◆ REQUIREMENT
Every line in the records below that holds the word "udder" is to be copied.

◆ GIVEN INFORMATION
..........

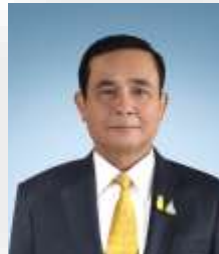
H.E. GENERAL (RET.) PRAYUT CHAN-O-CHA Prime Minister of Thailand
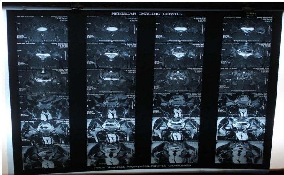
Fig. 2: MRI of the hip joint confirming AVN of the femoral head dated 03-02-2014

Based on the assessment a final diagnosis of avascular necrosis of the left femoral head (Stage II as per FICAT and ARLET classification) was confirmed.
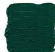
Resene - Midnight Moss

..........

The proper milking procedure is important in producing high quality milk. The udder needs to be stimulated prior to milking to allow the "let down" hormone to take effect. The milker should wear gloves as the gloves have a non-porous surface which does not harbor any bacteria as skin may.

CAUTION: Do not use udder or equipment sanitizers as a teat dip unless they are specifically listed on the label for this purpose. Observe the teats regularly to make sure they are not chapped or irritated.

..........

◆ SOLUTION TO THE PROBLEM
The proper milking procedure is important in producing high quality milk. The udder needs to be stimulated prior to milking to allow the "let down" hormone to take effect. The milker should wear gloves as the gloves have a non-porous surface which does not harbor any bacteria as skin may.
CAUTION: Do not use udder or equipment sanitizers as a teat dip unless they are specifically listed on the label for this purpose. Observe the teats regularly to make sure they are not chapped or irritated.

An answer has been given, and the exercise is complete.